Here, the January 22, 2020 order of the Hon. Eleanora Ofshtein specifically notes that all counterclaims other than those involving rent overcharge were being withdrawn on consent. The phrasing of the order is significant, in that it does not note specific counterclaims that are being withdrawn but is expressly phrased to note the withdrawal of all counterclaims other than those for rent overcharge. Respondent now, having never pleaded a claim for conversion of the security deposit, entirely unrelated to any claim for overcharge, but seeks summary judgment on that unpled claim. To permit respondent now to seek judgment on a claim never pleaded would be inappropriate. The branch of respondent's motion seeking summary judgment for conversion of the security deposit is accordingly denied without prejudice to reassertion of the claim in an appropriate forum.
The remaining branch of respondent's motion seeks summary judgment for rent overcharge. While respondent characterizes the counterclaim for overcharge as unpled, the court finds that descriptor not entirely accurate. Respondents' answers in both proceedings do, in fact, allege overcharge; the scope of damages sought, however, reflects the broader remedies enacted as part of the Housing Security and Tenant Protection Act of 2019 (HSTPA).
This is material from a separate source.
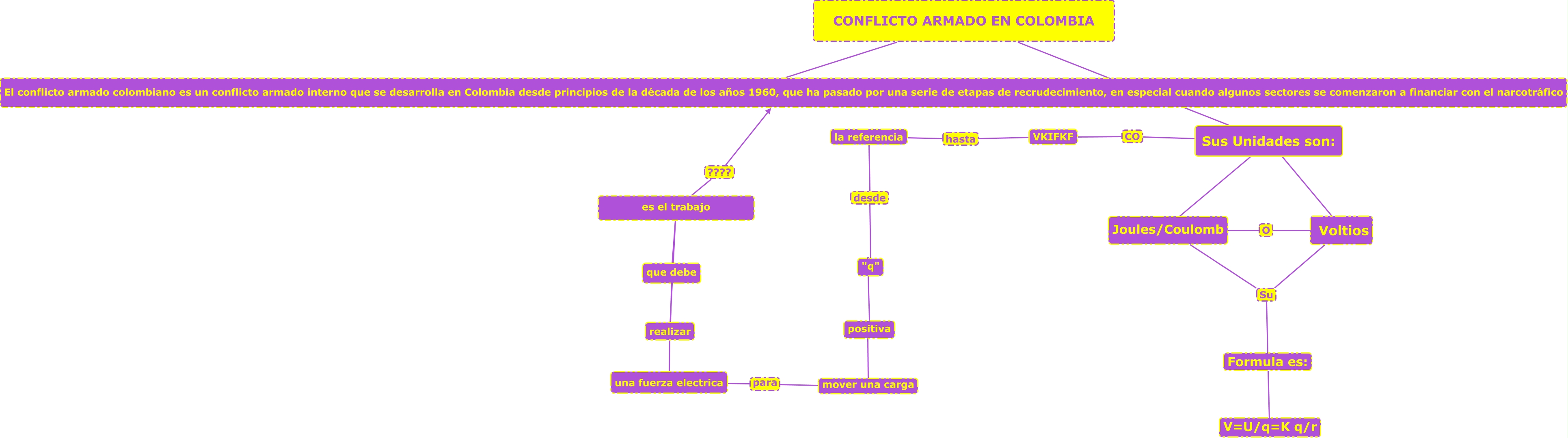 Este Cmap, tiene información relacionada con: TEXTOS LITERARIOS, es el trabajo ???? El conflicto armado colombiano es un conflicto armado interno que se desarrolla en Colombia desde principios de la década de los años 1960, que ha pasado por una serie de etapas de recrudecimiento, en especial cuando algunos sectores se comenzaron a financiar con el narcotráfico, una fuerza electrica para mover una carga, la referencia hasta VKIFKF, Voltios Su Formula es:, Formula es: ???? V=U/q=K q/r, Sus Unidades son: ???? Joules/Coulomb, es el trabajo ???? realizar, Joules/Coulomb Su Formula es:, "q" desde la referencia, es el trabajo ???? una fuerza electrica, Sus Unidades son: CO VKIFKF, Voltios O Joules/Coulomb, "q" positiva, Sus Unidades son: CONFLICTO ARMADO EN COLOMBIA El conflicto armado colombiano es un conflicto armado interno que se desarrolla en Colombia desde principios de la década de los años 1960, que ha pasado por una serie de etapas de recrudecimiento, en especial cuando algunos sectores se comenzaron a financiar con el narcotráfico, Sus Unidades son: ???? Voltios, positiva ???? mover una carga

With the decision of the Court of Appeals in Regina Metro. Co., LLC v. New York State Div. of Hous. and Community Renewal (35 NY3d 332, 356 [2020], rearg denied sub nom. Raden v. W7879, LLC , 35 NY3d 1079 [2020], and rearg denied sub nom. Taylor v. 72A Realty Assoc., L.P. , 35 NY3d 1081 [2020] ) those statutory modifications were held inapplicable under the circumstances of this proceeding, relegating respondents to a claim under the law as it existed prior to passage of the HSTPA. Petitioner cannot reasonably assert either surprise or prejudice due to the instant motion.
At the heart of respondents' claims is the issue of the Building's regulatory status. Specifically, the petition asserts that the Building contains six units and that the Apartment became vacant on or after April 1, 1953; petitioner asserts this in support of the claim that the Apartment is not subject to the Rent Control Law or the Rent Stabilization Law of 1969. While vacancy after April 1, 1953 constitutes an exclusion from rent control for one and two family homes (New York City Rent and Rehabilitation Law [Administrative Code of the City of NY] § 26-403[e][2][i][4] ), that date has no significance under the Rent Stabilization Law of 1969.
The petition then asserts that the Building either contains fewer than six units, was constructed after January 1, 1974 "and/or that the premises have been decontrolled pursuant to the Vacancy Decontrol Law."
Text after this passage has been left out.